Как я к нему обращался? Точно на вы…
— Доброе утро, дядь Леша! — Я попытался выдавить из себя улыбку.
Нужно с ним расплатиться, но сколько я должен? Павел Романович рассчитывал на три-пять тысяч и думал, что это будет проверка, пропьет их Каналья, или внушение подействует.
Еще парадокс восприятия: меня-взрослого интересовало, в каком звании он служил, меня нынешнего — почему именно Каналья, но спрашивать это было стремно. Я потянулся к очередной ягоде и увидел в огороде Канальи выглядывающую из бурьяна ржавую раму мокика, прислоненную к покосившемуся забору.
«Карпаты!» Мечта моя!
Моя прелесть!
Двор афганца был закрыт смородиновым кустом, потому Каналью я увидел уже вблизи и узнал с трудом. В него тоже кто-то вселился? Или, наоборот, из него изгнали домовенка Кузю?
Старая, но чистая рубашка с короткими рукавами, залатанные, но чистые коричневые штаны. Никаких колтунов на голове: волосы вымыты и аккуратно зачесаны, глаза ясные зеленые, а не как у вареного рака. Нормальный такой мужик, здоровенный.

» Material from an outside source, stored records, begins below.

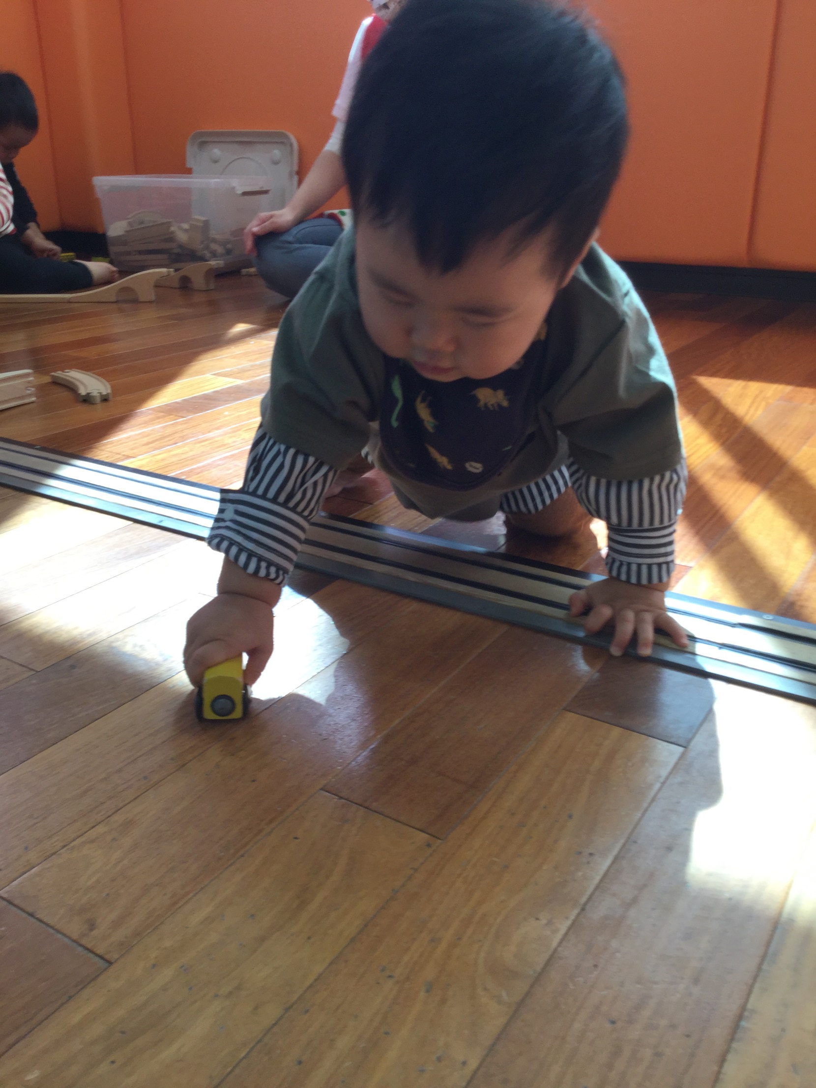 低年齢児さんも線路を作ったり、電車を自分で走らせたりして楽しんでいました🚆!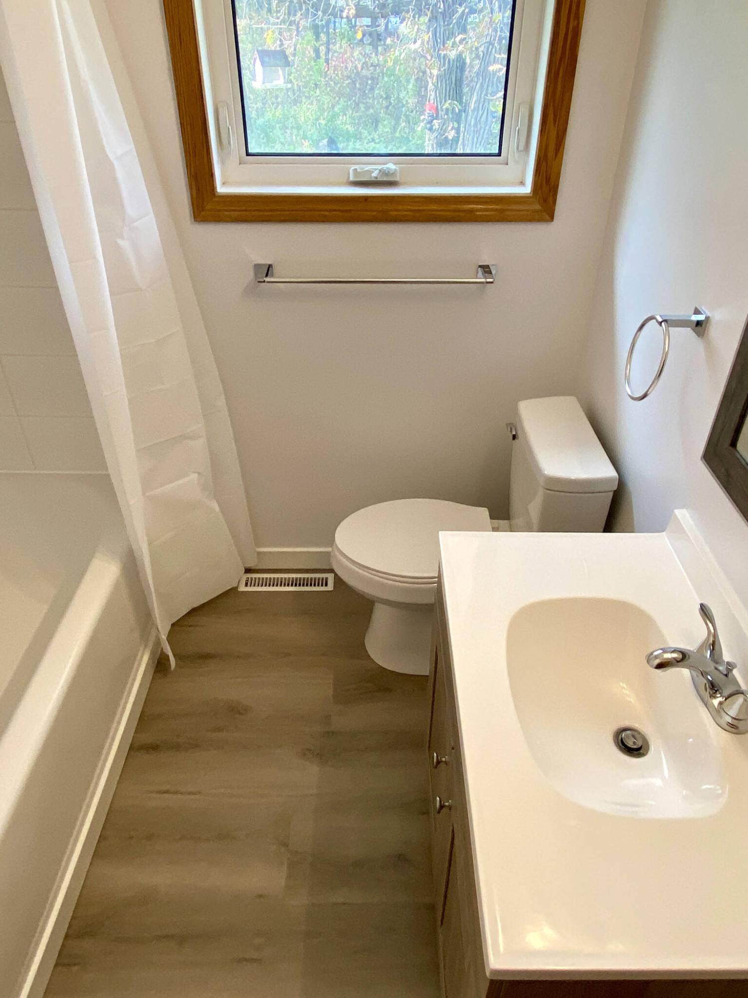 At a recent bathroom upgrade (part of a much larger project at an impending rental property), the existing space was in terrible shape. The ceiling and wall paint had begun to flake, discoloured from years of moisture. The tub, sink and toilet were badly stained from the hard water in the area. The electrical outlet was not GFCI. The old vanity was not centred during installation, and was offset from both the partially inset medicine cabinet and the vanity light fixture above it. The linoleum flooring was lifting along all seams and revealed a gap along the base of the tub. Every single water feed and drain revealed a minor leak of some sort, likely overlooked due to the bigger issue of water in the domicile’s basement, which was recently rectified by introducing a much needed sump pump to manage the elevation of the water table.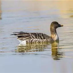 豆雁,雁形目鸭科。成鸟头、颈、背灰褐色,带淡黄色羽缘;尾上覆羽白色,尾羽黑褐色带白端,…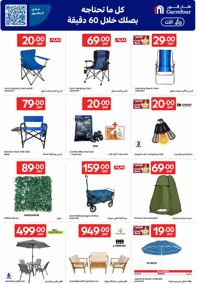 Carrefour Qatar outdoor and camping gear promotion including ALM camping chairs, director chairs, BBQ charcoal, folding wagon trolley, Paradiso patio set, and beach umbrellas.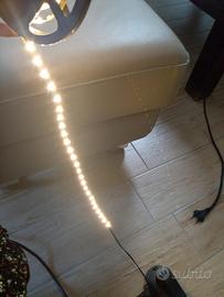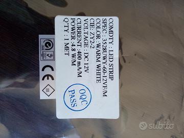 Striscia LED adesiva nuova perfettamente funzionante. Vendo perché troppo corta per l'utilizzo che né volevo fare. Lunghezza striscia luminosa 1 metro ma possibilità di accorciarla ( tacche per il taglio indicate sulla striscia). Lunghezza cavo 3 metri. Luce calda. Per caratteristiche tecniche vedere ultima foto.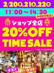 11:00〜14:30(3時間半限定)ショップ20%OFFタイムセールを開催! オトクなアジアンオールドバザールをご堪能ください! ![]() |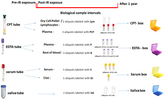 For radiotherapy patients, blood and saliva will be collected at three time points: before radiotherapy; three months after the last fraction (time point for the first follow-up); and one year after completion of the treatment. For X-ray-guided interventional catheterization procedures, biological samples will also be collected at three time points: before intervention; the same day after completion; and one year after completion. Figure 2 summarizes the protocol for the collection, preparation, and storage of biosamples.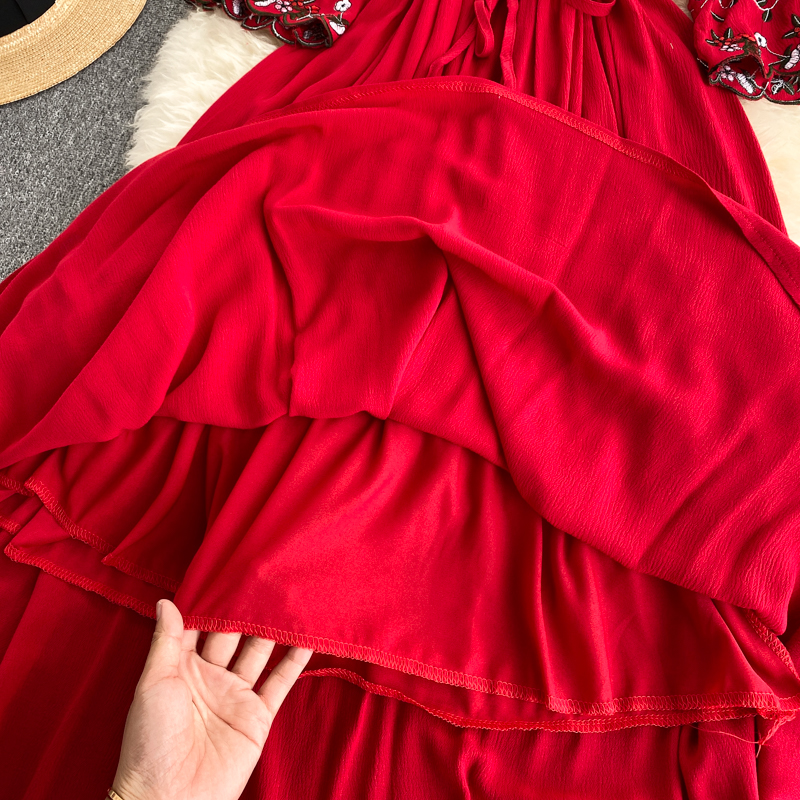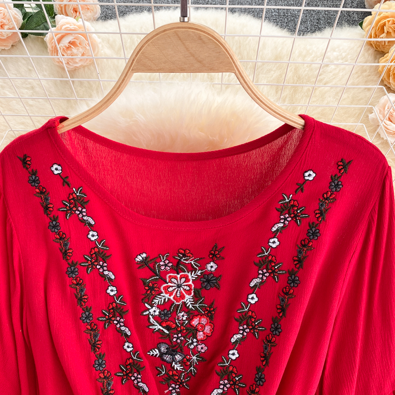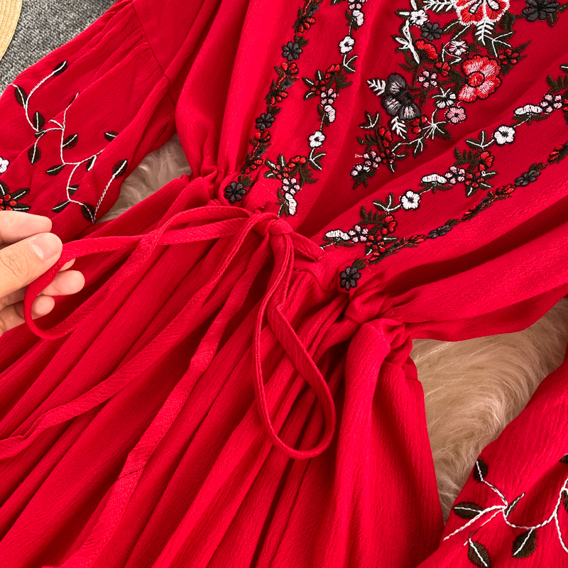 Indie Folk Women White/Blue/Yellow/Red Embroidered Midi Dress Spring Autumn Flare Sleeve O-Neck High Waist Vestidos New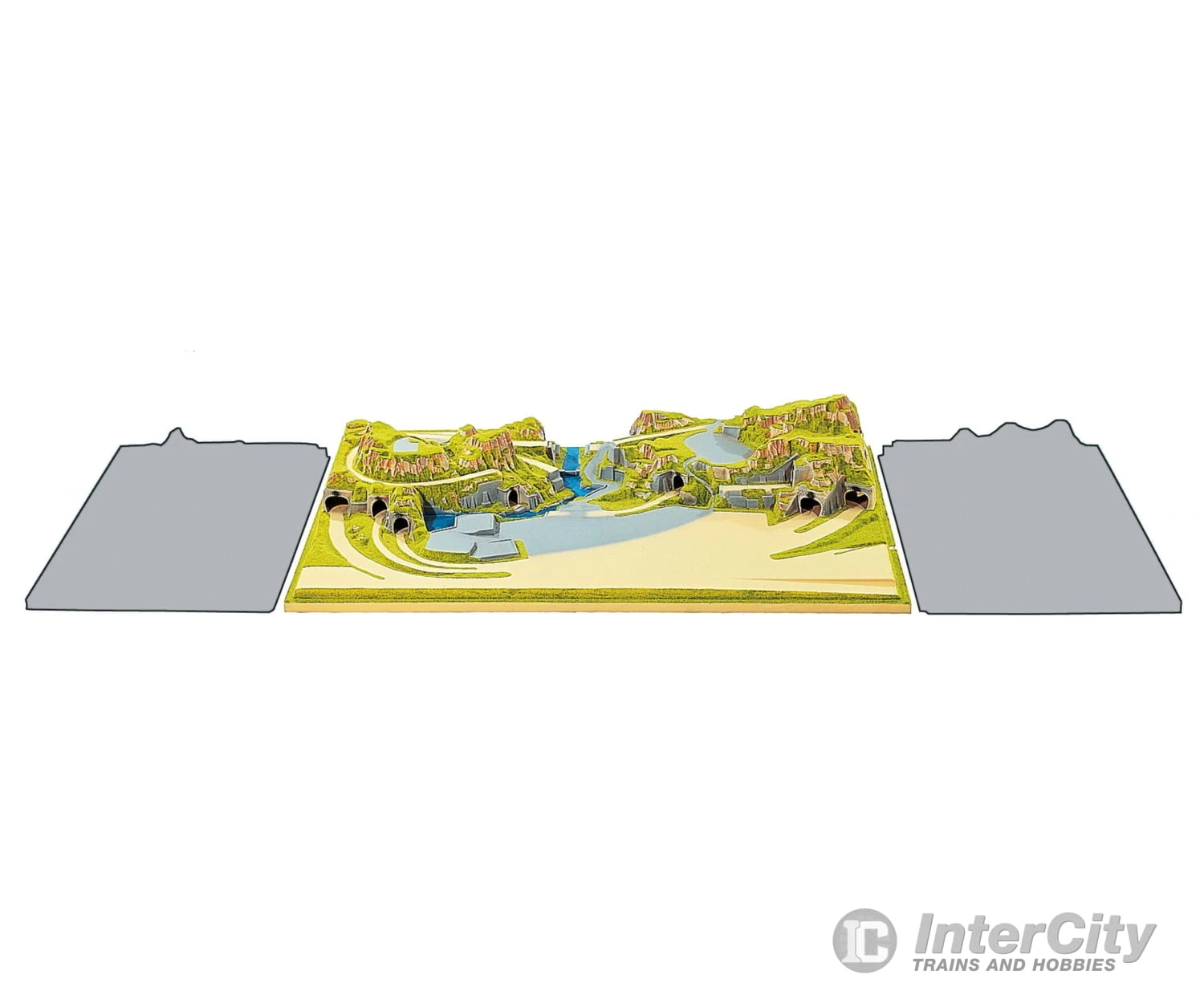 What is supplied: Base layout that has been handpainted and covered with grass (with the Scatter Grass ‘Summer Meadow’, 2.5 mm) Mounted on stable wooden frame Pre-cut tunnel components Bridge kit in N/Z Track plans (N gauge): Arnold ®, Fleischmann ® piccolo, Minitrix ® Track plans (Z gauge): Marklin ® mini-club and ROKUHAN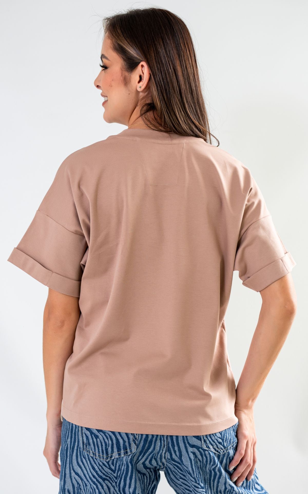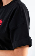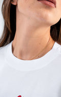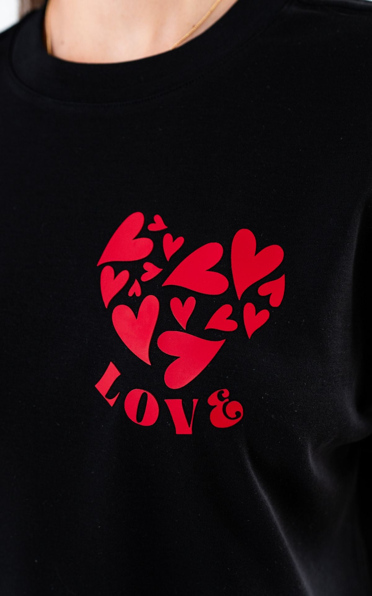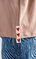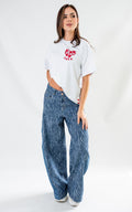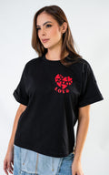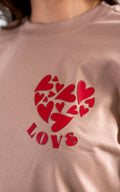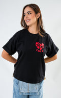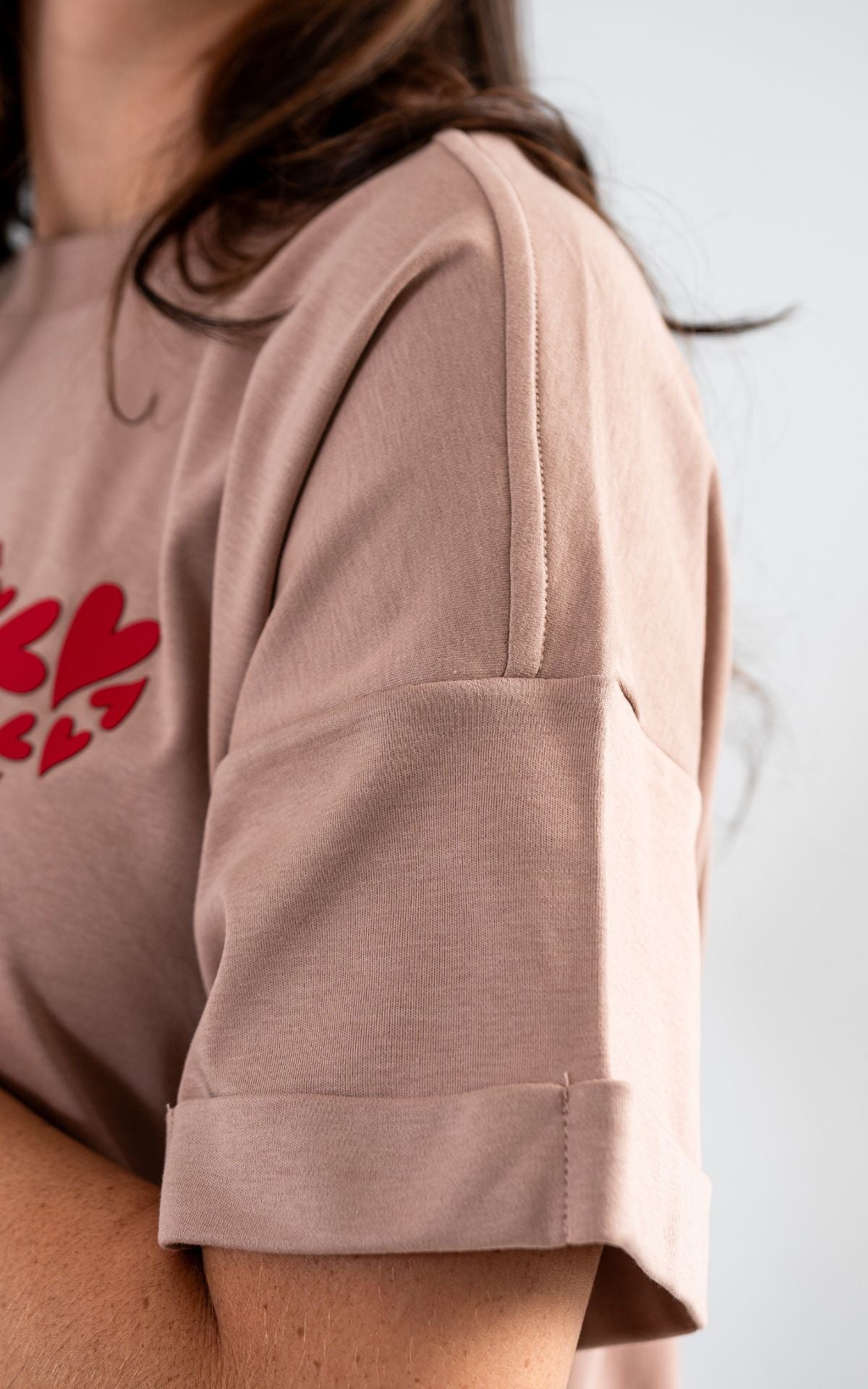 Camiseta de silueta oversize confeccionada en 100% algodón, diseñada para ofrecer frescura y versatilidad. Presenta un estampado frontal de corazón con la palabra "LOVE" en contraste, mangas con dobladillo estructurado y una delicada hiladilla de corazones en el costado inferior. Una prenda esencial con detalles de diseño únicos.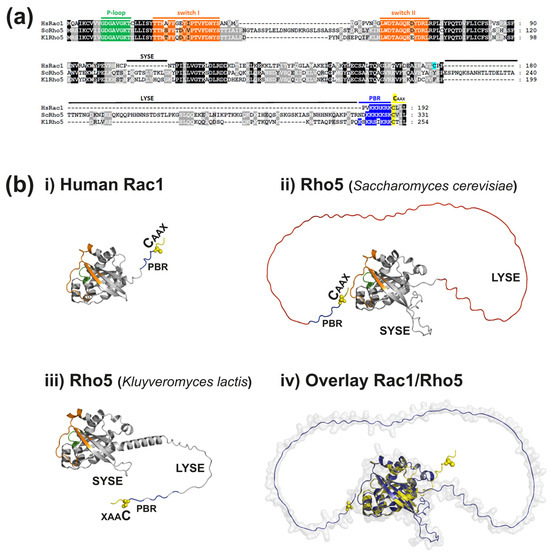 Structures of two yeast Rho5 proteins and human Rac1. (a) Alignments of primary sequences revealing conserved structural motives. Multiple sequence alignments are based on ClustalW, using the MUSCLE tool ([31]), and were graphically curated with GeneDoc version 2.5.000 (National Resource for Biomedical Supercomputing, Pittsburgh, PA, USA). Functional cysteine residues mentioned in the text are highlighted in yellow or light blue. (b) Structures of the human and yeast GTPases predicted by the AlphaFold program [32,33] and comparison of human Rac1 with Rho5 from Saccharomyces cerevisiae. Structures were obtained from the AlphaFold Protein Structure Database ([34], with accession numbers A0A816AYR0 for ScRho5, A0A5P2U790 for KlRho5, and P63000 for Rac1) and visualized using PyMOL (Schrödinger and DeLano, PyMOL, 2020; accessed on 20 December 2024 at http://www.pymol.org/pymol). In images (i–iii), the conserved switch I, switch II (both in orange), and P-loop sequences (green) are highlighted within the globular catalytic core. The C-terminal cysteine residues (yellow spheres) are modified by geranylgeranylation after removal of the AAX sequence (two aliphatic and a third, variable amino acid residue) during posttranslational modification. The preceding polybasic region (PBR) is shown in blue. The long and short yeast-specific extensions (LYSE and SYSE, respectively) are indicated for the two yeast homologues as basically unstructured strings, starting with a helix in Kluyveromyces lactis. For the overlay of human Rac1 with Rho5 from S. cerevisiae (structures i + ii presented in iv), the entire structures are depicted in yellow and blue, respectively.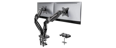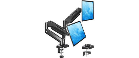 We checked out a bunch of dual monitor stands, and there's really something for everyone. There are arms that move with springs, stands with wide bases, and all sorts of features depending on what you need.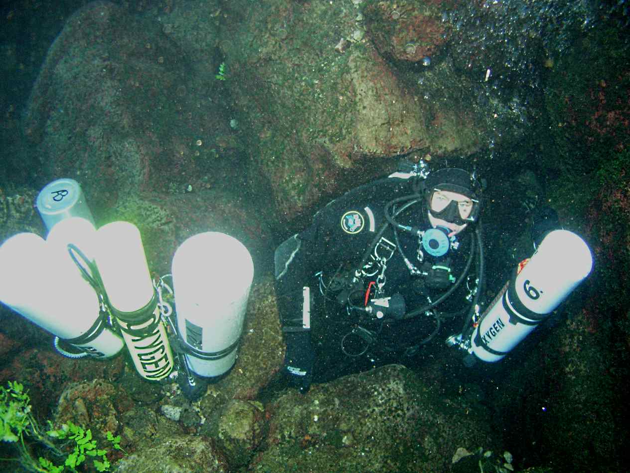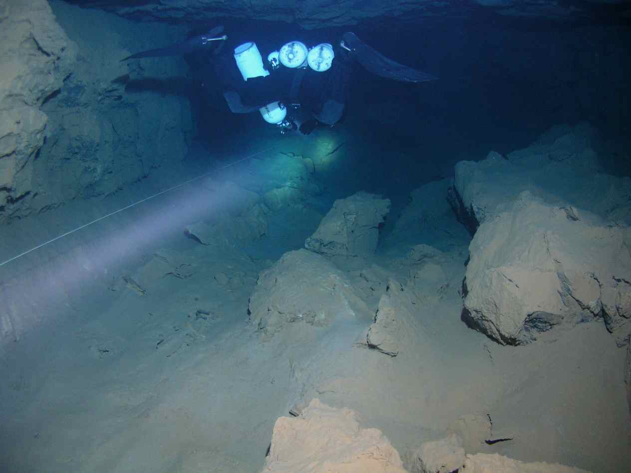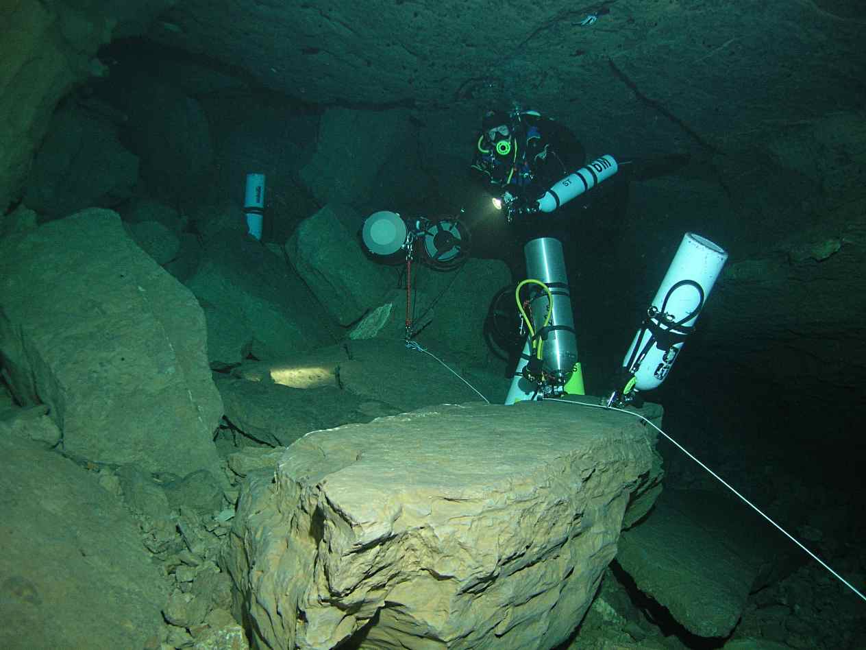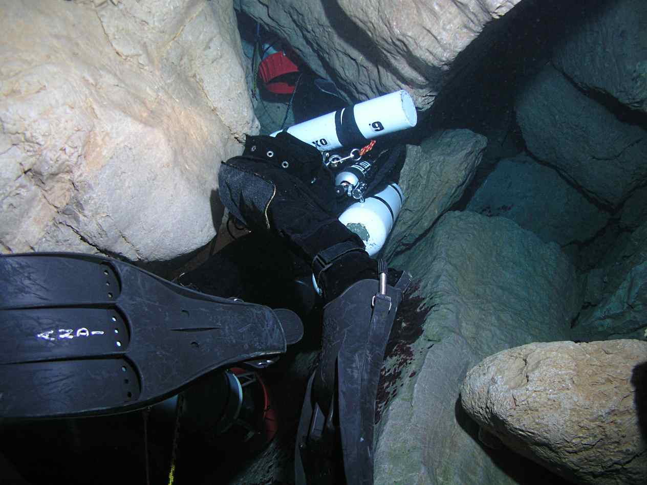 So auch diesmal. Der anfänglich recht enge, an einigen Stellen stark einsiltende Gang geht nach 30m in eine geräumige Passage über, die sich vorbei an zwei Nebengängen in Tiefen von 25 - 30m bequem bis zu ihrem Ende, einem senkrechten Spalt betauchen lässt.

Только правая нога в шлепке, а левая опирается на деревянный самодельный протез.
— Отлично выглядите, — проговорил я совершенно искренне. — Вас и не узнать… настоящий полковник.
Каналья — теперь язык не поворачивался его так называть — махнул рукой.
— Не рви мне душу. Я и до майора не дослужил, какой уж полковник!
— Как там машина? — спросил я, помня, что важно переменить неудачную тему, пока собеседник не расстроился.
Решение было правильным, Каналья воспрянул, глаза у него заблестели.
— Пять дней валялся под ней, все перебрал, вымыл, вычистил, ну просто ласточка! — Он поднес к губам собранные щепотью пальцы. — Увидишь, закачаешься!
— А вы научите меня… ездить?
— За руль-то? — Он прищурился, глядя снизу вверх, его габариты будто бы подчеркивали мою ничтожность. — Отчего ж не научить! Взрослый уже парень. На работу меня все равно никто не возьмет, только пенсия остается. А так — обучу подрастающее поколение, ты парень толковый, сечешь.
Толковым был сорокалетний мужик, а насколько толков я, еще предстоит разобраться. Инструктор по вождению мне точно понадобится.
— Идем, покажу ласточку-то!
Он захромал впереди. Странно было на него смотреть. Ведь Каналью я тоже помнил, но не знал, и, по сути, только сейчас с ним познакомился, и теперь в мозгах дрались два образа, а между ними скрючилось понимание, что это я его сделал нормальным!
Может, этот поступок и отодвинул время на таймере? Кто теперь разберет.
Бабушку мы заметили издали, она стояла под деревом с сачком, а Каюка среди веток видно не было.
— Привет, ба! — крикнул я и ускорил шаг.
Закачались ветки, показался Юрка, свесившийся, как обезьяна, помахал мне. В прошлой жизни я его ненавидел, а сейчас в душе ненависть схлестнулась в чем-то теплым, приятным. Как…
Как любовь к приемному ребенку.
Бабушка подождала, пока мы подойдем, кивнула на Каналью:
— Смотри, какой красавец стал! Еще бы пить бросил окончательно, цены бы ему не было.
— Да какой цены, — грустно пробормотал он, поднимая штанину и демонстрируя протез. — Ломаный грош мне цена!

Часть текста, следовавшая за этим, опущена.